### YOUR ASSIGNMENT
Working from the start of the listing, please write out exactly the lines through the one that holds "Leider waren wir", both included, and omit all pictures.

Top of DATA EXTRACT

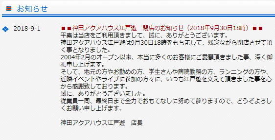 ホームページ上には「32年間にわたり、お客様よりご愛顧いただきましたが、当館は8月27日をもちまして閉館いたしました。誠にありがとうございました」と掲載されておりました。
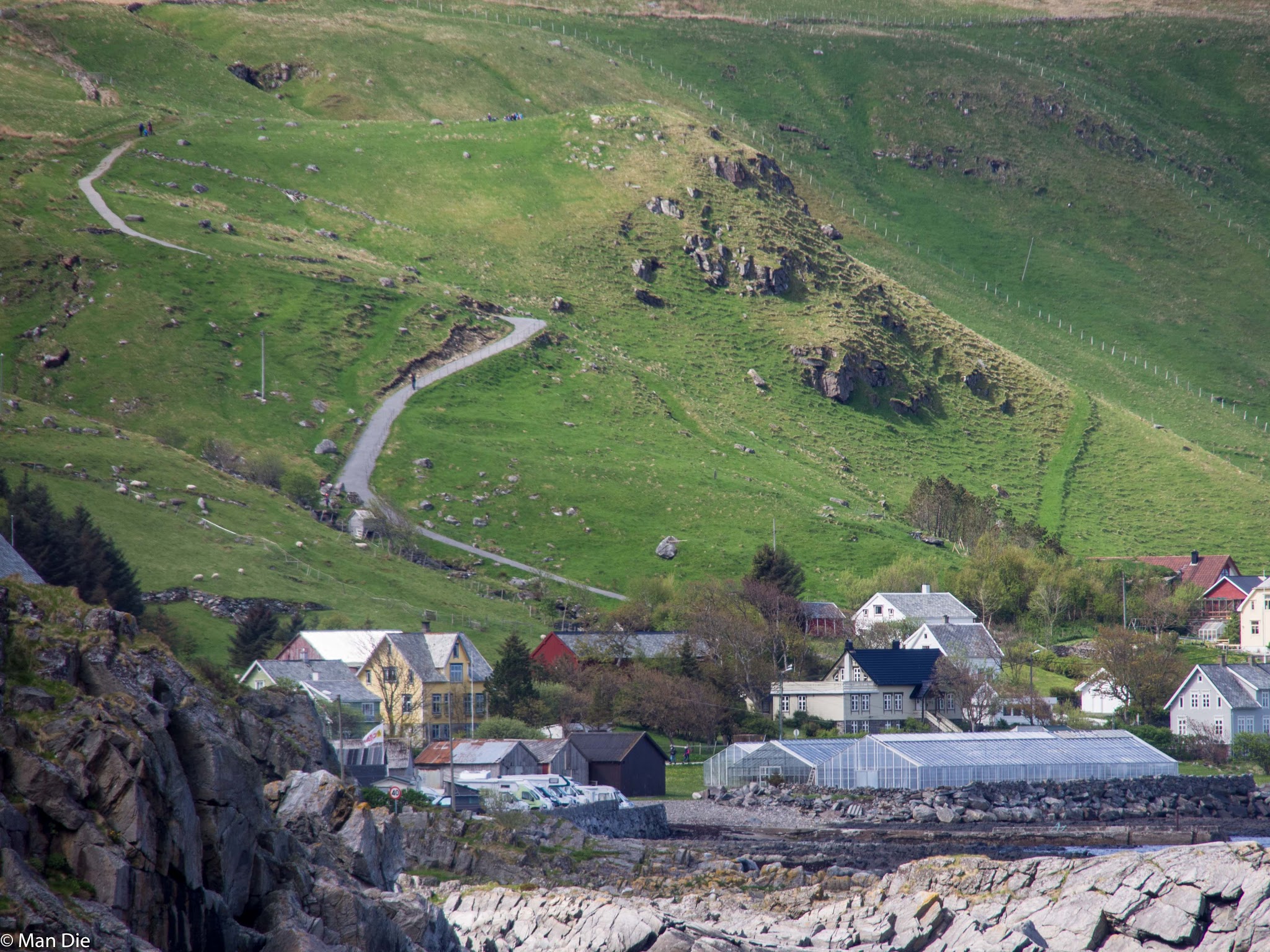 Leider waren wir beim Aufstieg zu langsam, um das  das Fjordmuseum am Ende des Weges noch zu besuchen, da es in der Nebensaison nur bis 15:00Uhr geöffnete hatte. So machten wir uns wieder auf den Rückweg, diesmal folgten wir der Straße hinab zum Fjordufer.
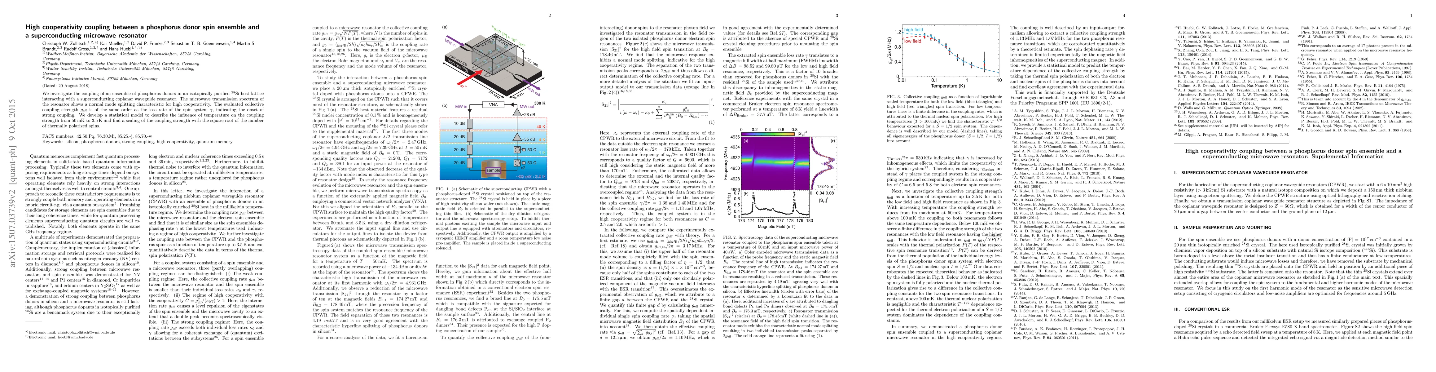 This paper explores the strong coupling between an ensemble of phosphorus donors in silicon and a superconducting microwave resonator, demonstrating high cooperativity through normal mode splitting in the resonator's transmission spectrum. The study reveals a collective coupling strength comparable to the spin system's loss rate, indicating the onset of strong coupling, and models the temperature-dependent coupling strength scaling with the square root of thermally polarized spins.

Bottom of DATA EXTRACT

### YOUR SOLUTION
 ホームページ上には「32年間にわたり、お客様よりご愛顧いただきましたが、当館は8月27日をもちまして閉館いたしました。誠にありがとうございました」と掲載されておりました。
 Leider waren wir beim Aufstieg zu langsam, um das  das Fjordmuseum am Ende des Weges noch zu besuchen, da es in der Nebensaison nur bis 15:00Uhr geöffnete hatte. So machten wir uns wieder auf den Rückweg, diesmal folgten wir der Straße hinab zum Fjordufer.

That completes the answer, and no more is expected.